Sepanjang jalan, mulai dari keluar pintu stasiun hingga menyusuri George St, aku selalu menoleh kekiri dan kekanan. Hahh..Geogre St ini jalan yang sangat panjang. Rasanya mustahil menemukan seorang Elena diantara ribuan manusia yang berjalan cepat menyusuri jalan ini. George st dikenal sebagai china town di Sydney. Banyak toko-toko makanan maupun restaurant, utamanya yang menyediakan menu asia, tersebar dijalan ini. Dan salahnya aku juga lupa bertanya nama restaurant tempat Elena bekerja. Banyak jenis rumah makan ala negeri arab. Aku tidak tau yang mana tempat Ia bekerja. Hah..Aku hanya ingat kalau Elena sering menyediakan kebab bagi pengunjung restaurant. Aghh..rumah makan yang menyediakan kebab di George st jumlahnya ratusan. Apakah aku harus mencari satu – persatu. Mungkin harus kucoba, pikirku semakin menggila.

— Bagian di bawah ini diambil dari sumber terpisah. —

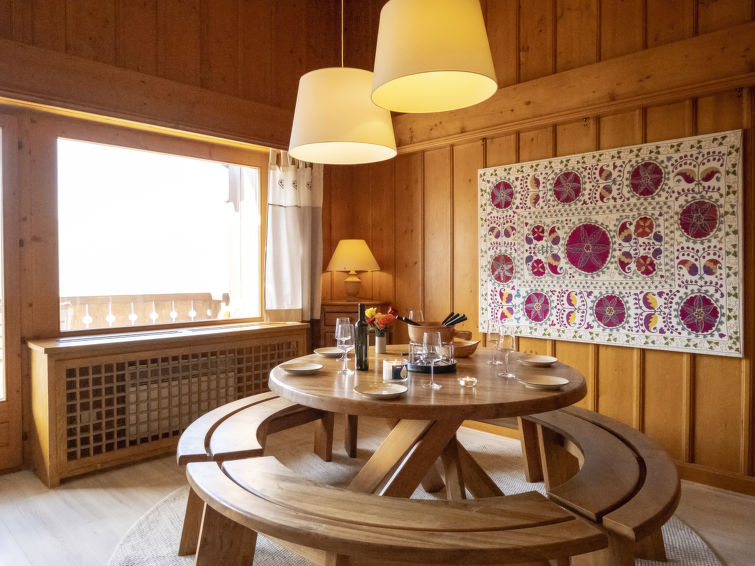 "Licorne 13", 4-Zimmer-Wohnung 100 m2 auf 2 Stockwerken im 2. Stock. Geräumig und hell, komfortabel und schön eingerichtet: grosses Wohn-/Esszimmer mit offenem Kamin und E-Heizung. 1 Zimmer mit 2 Betten (90 cm, Länge 200 cm). Offene Küche (4 Kochplatten, Backofen, Geschirrspüler, Toaster, Wasserkocher, elektrische Kaffeemaschine, Kapseln für die Kaffeemaschine (Nespresso) extra, Racletteofen, Kombinationsmikrowelle, Fondue Set (Käse)) mit Bar. Dusche/WC. Obergeschoss: abgeschrägte, offene Galerie mit Kabel-TV, Radio und CD. 1 Zimmer mit 1 x 2 Etagenbetten (90 cm, Länge 200 cm). 1 Zimmer mit 1 Doppelbett (2 x 90 cm, Länge 200 cm). Bad. Grosser Balkon, Südlage. Terrassenmöbel. Panoramasicht. Zur Verfügung: Internet (Wireless LAN, gratis). Parkplatz Nr. 13. Bitte beachten: Nichtraucher-Haus.

Langkahku gontai menaiki anak tangga kantorku. David sudah duduk di meja kerjanya. Kami berbeda ruangan. Aku ditempatkan di lantai atas yang juga sekaligus sebagai gudang penyimpanan barang-barang kiriman. Ruangan dilantai dua ini tidak terlalu luas. Ukurannya kurang lebih delapan kali Sembilan meter. Ada empat orang yang bekerja di lantai dua, aku, Hilda Ngo, seorang wanita keturunan chinnesse yang menjadi warga Negara Australia, Lenin Svarktov, seorang Rusia dan juga sudah menjadi warga Negara Australia, serta Jason Healy, asli warga Negara Australia. Meja kerja kami, masing-masing dipisahkan dinding setinggi satu setengah meter, sehingga masih bisa melihat rekan kerja yang lain. Untuk ruangan kerja hanya menggunakan empat meter ruangan, sisanya digunakan untuk tumpukan barang-barang kiriman dari dan ke luar negeri. Ada Stuart, sebagai mandor dan 3 orang anak buahnya yang bertugas mengatur barang-barang tersebut. Tapi mereka tidak selalu berada dilantai atas. Kebanyakan barang sudah ditempatkan di lahan parkir dan siap untuk didistribusikan.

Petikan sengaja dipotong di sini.